Requirement
In the entries below, begin at the line that has "Аккуратный и стильный", stop after the line that has "The chocolate pound", and output those lines exactly with no pictures.

Exercise input

++++++++

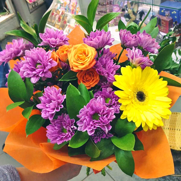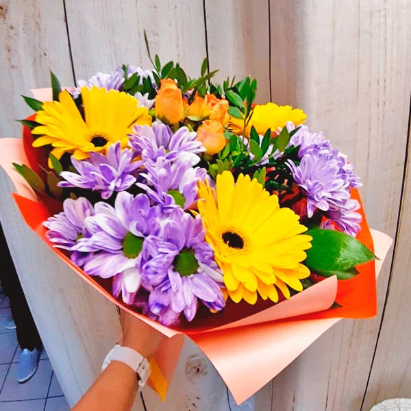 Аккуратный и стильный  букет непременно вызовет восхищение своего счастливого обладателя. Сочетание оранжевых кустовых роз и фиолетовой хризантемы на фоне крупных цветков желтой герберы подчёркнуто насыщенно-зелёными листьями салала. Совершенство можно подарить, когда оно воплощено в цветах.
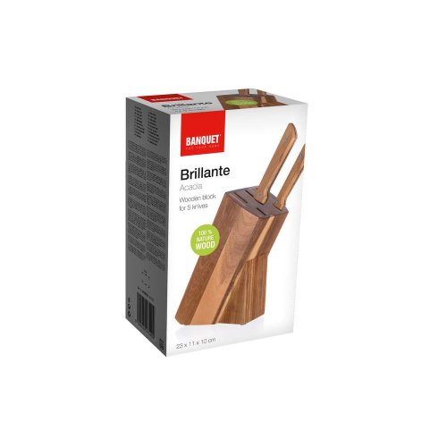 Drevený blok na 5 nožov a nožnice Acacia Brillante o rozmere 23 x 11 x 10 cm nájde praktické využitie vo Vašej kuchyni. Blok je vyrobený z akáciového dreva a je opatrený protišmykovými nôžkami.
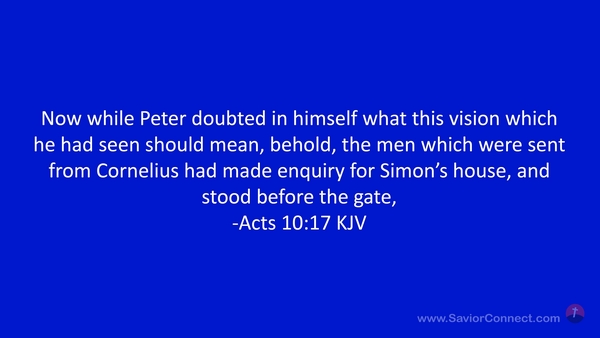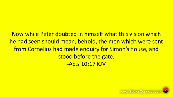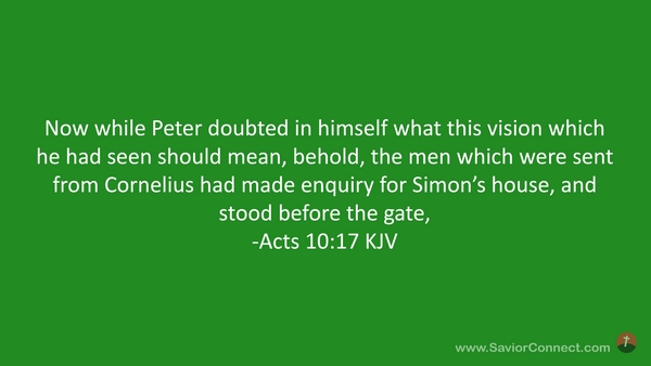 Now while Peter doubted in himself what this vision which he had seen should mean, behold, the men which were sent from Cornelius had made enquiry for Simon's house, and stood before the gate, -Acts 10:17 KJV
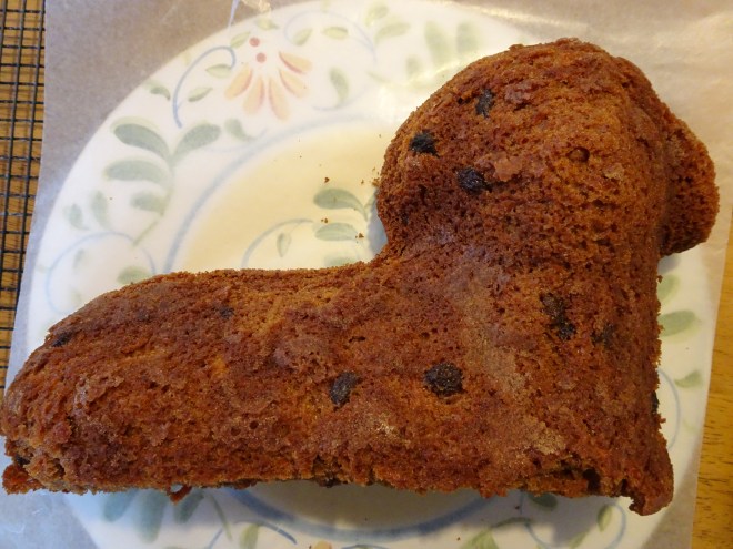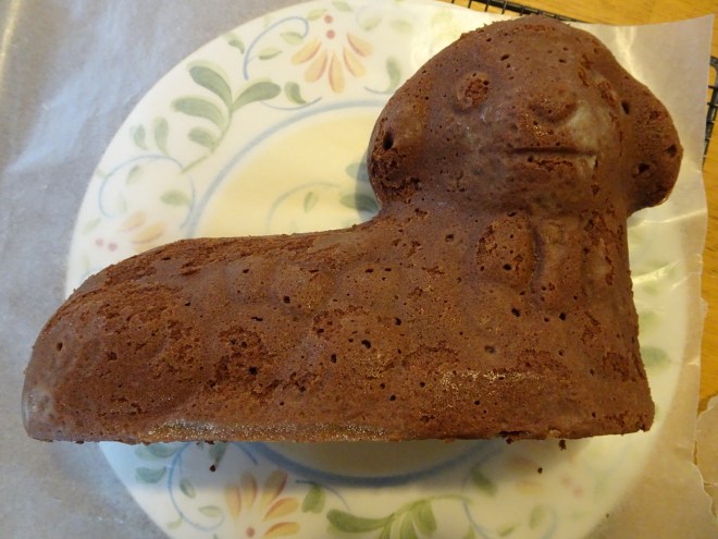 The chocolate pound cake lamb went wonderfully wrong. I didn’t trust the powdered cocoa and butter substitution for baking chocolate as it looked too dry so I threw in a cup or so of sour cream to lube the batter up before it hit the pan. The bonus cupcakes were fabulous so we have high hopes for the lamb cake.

++++++++

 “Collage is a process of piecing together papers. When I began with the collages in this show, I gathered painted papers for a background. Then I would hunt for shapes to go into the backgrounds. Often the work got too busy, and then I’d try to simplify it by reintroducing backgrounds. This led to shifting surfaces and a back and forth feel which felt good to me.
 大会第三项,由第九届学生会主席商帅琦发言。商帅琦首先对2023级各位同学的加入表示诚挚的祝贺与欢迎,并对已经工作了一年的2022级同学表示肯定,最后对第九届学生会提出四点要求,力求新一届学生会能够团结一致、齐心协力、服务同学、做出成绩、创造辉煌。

++++++++

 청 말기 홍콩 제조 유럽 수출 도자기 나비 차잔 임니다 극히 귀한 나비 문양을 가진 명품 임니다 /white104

++++++++

Task response
 Аккуратный и стильный  букет непременно вызовет восхищение своего счастливого обладателя. Сочетание оранжевых кустовых роз и фиолетовой хризантемы на фоне крупных цветков желтой герберы подчёркнуто насыщенно-зелёными листьями салала. Совершенство можно подарить, когда оно воплощено в цветах.
 Drevený blok na 5 nožov a nožnice Acacia Brillante o rozmere 23 x 11 x 10 cm nájde praktické využitie vo Vašej kuchyni. Blok je vyrobený z akáciového dreva a je opatrený protišmykovými nôžkami.
 Now while Peter doubted in himself what this vision which he had seen should mean, behold, the men which were sent from Cornelius had made enquiry for Simon's house, and stood before the gate, -Acts 10:17 KJV
 The chocolate pound cake lamb went wonderfully wrong. I didn’t trust the powdered cocoa and butter substitution for baking chocolate as it looked too dry so I threw in a cup or so of sour cream to lube the batter up before it hit the pan. The bonus cupcakes were fabulous so we have high hopes for the lamb cake.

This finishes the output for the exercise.